Importantly, “important” refers to theoretical, not statistical, importance here. This importance motivates the inclusion of a variable (except perhaps for purely exploratory variables about which no “subject matter knowledge” is present). With minimal modeling, important information, which was originally in our data, might be left out of a model due to the categorical character of variable selection: a predictor either stays in the model or is dropped. Modeled effects, however, are gradual – coefficients, standard errors, t-/p-values are all continuous measures – so a categorical in/out decision may cause us to lose relevant detail. Moreover, it can be a form of cherry-picking by statistical significance, as Harrell (2015: 63) explains: “Variable selection is an example where the analysis is systematically tilted in one’s favor by directly selecting variables on the basis of p-values of interest, and all elements of the final result (including regression coefficients and p-values) are biased”. This bias can lead to overrating the statistical significance of the effects that remain in the model (cf. Heinze et al. 2018: 435).

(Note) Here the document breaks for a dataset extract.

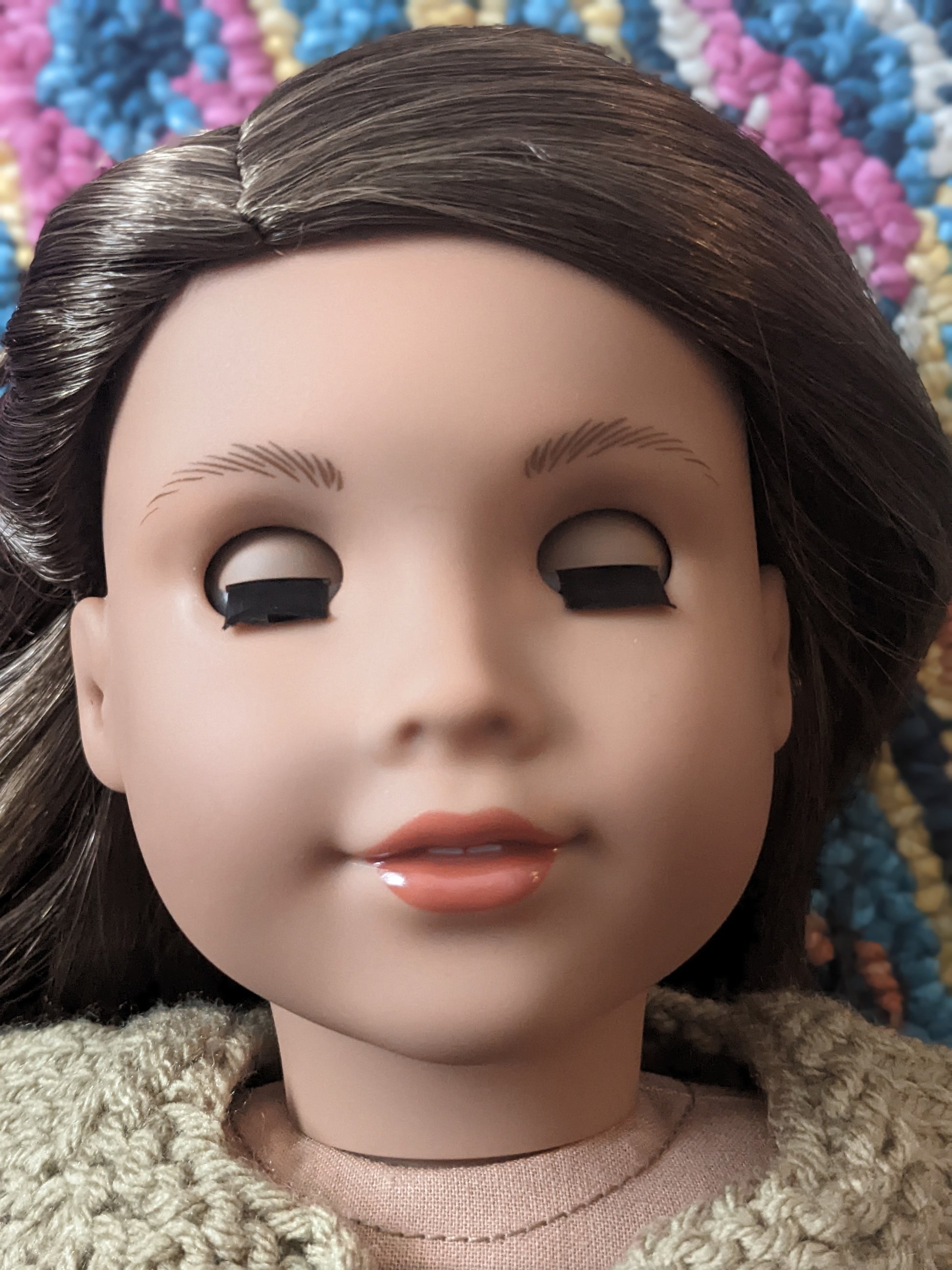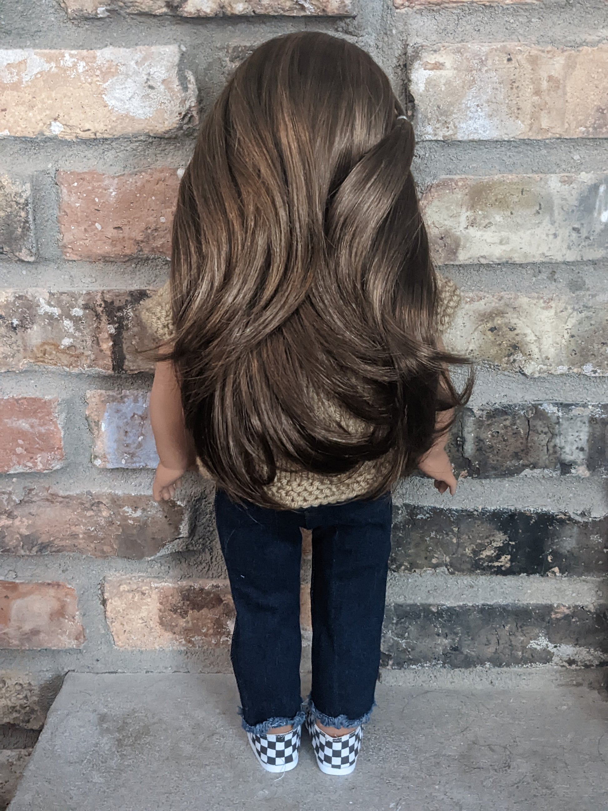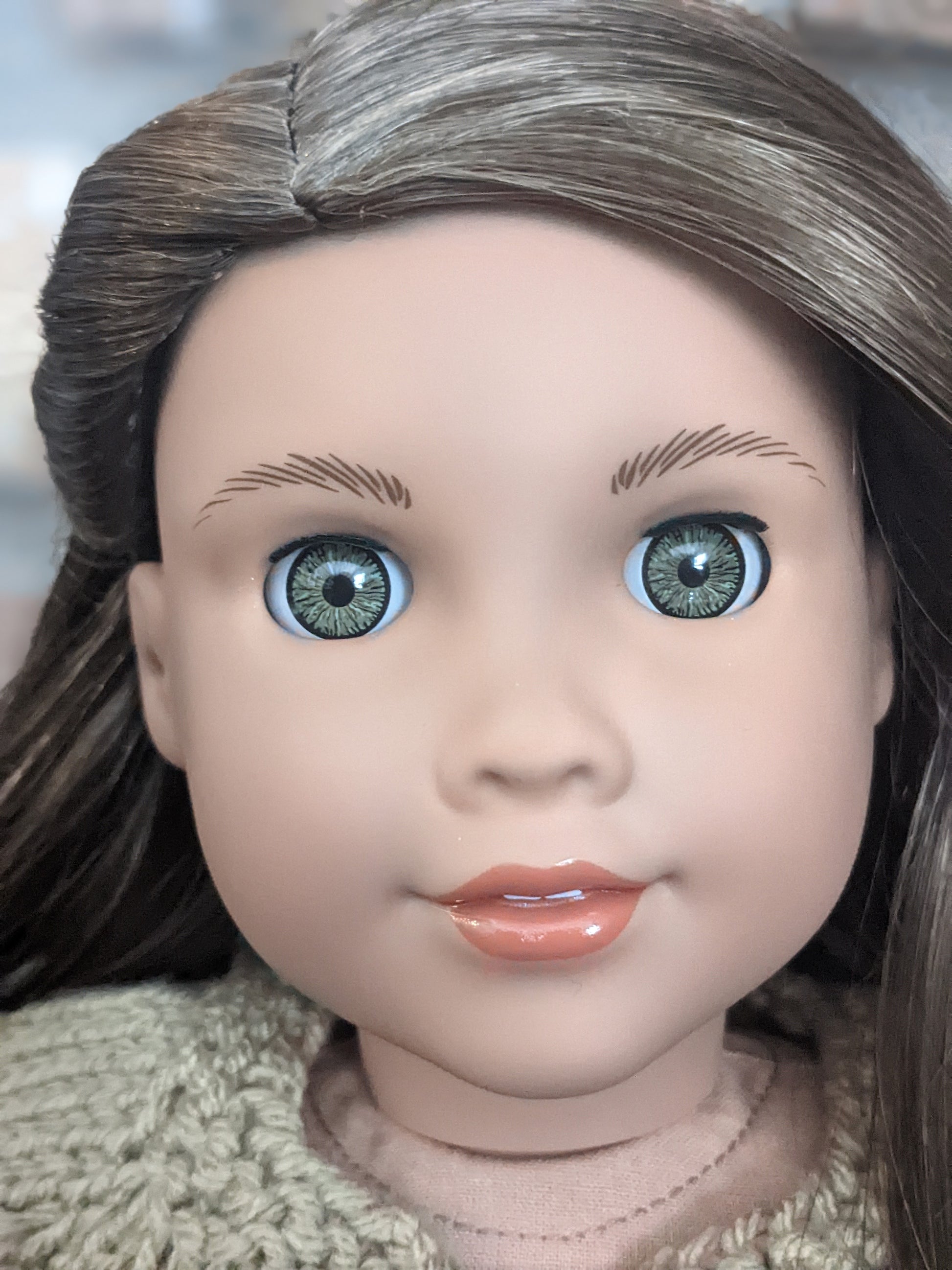 This one of a kind OOAK custom American Girl doll was created with a brand new Maritza doll, a brown wig from a new Joss doll, and light hazel eyes. She has lip gloss that was hand painted and sealed. She may have some minor shine marks from handling. She comes with the outfit pictured. Her painted on eyelashes have been removed.
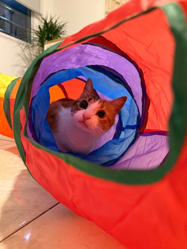 Este túnel multicolor estimula la curiosidad, el ejercicio y el juego independiente de tu michi

Minimal models also hinder comparability: when a model is applied to new data, the two results may be different after the variable selection process. Because models are inherently dependent on the observed data, two minimal models including the same candidate variables but run on separate datasets may contain different variables on the basis of their contribution to explaining the variance in the dependent variable. In the camera metaphor, variable selection might make it less straightforward to look back at the two pictures to compare them and find differences as regards perspectives or shades of color. Assessing such differences can be part of a research design or of a research cycle to create cumulative knowledge (cf. Schmidt 1996). In this paper, we argue that a pre-defined set of variables might be useful when these variables are tested on different dependent variables and then compared (e.g., different loci of phonetic reduction in the same morphophonological unit).

1.3 Deductive versus predictive modeling: a matter of research design

There seems to be little awareness in the (linguistic) research community of the distinction between “explanatory” and “predictive” modeling (cf. Shmueli 2010). On the one hand, explanatory modeling applies “statistical models to data for testing causal hypotheses about theoretical constructs”. On the other hand, predictive modeling applies “a statistical model or data mining algorithm to data for the purpose of predicting new or future observations” (Shmueli 2010: 291). These definitions of explanatory and predictive modeling refer to the purpose of modeling (not the method). The kind of research setting we address here, empirical research based on cognitive or social theories of language, can be considered “theory-heavy” (Shmueli 2010: 290). The questions asked in this setting typically call for an explanatory modeling approach, as they aim to test or refine theoretical constructs.^[3] This is why it is central to distinguish between these two different dimensions (explanatory vs. predictive) in order to build a model that best “fits” the data as well as the purpose: we should consider that “[e]xplanatory power and predictive accuracy are different qualities; a model will possess some level of each” (Shmueli 2010: 305). One purpose of the present paper is to highlight the distinction between predictive and explanatory modeling and how they lead to a minimal or deductive use of variables, respectively.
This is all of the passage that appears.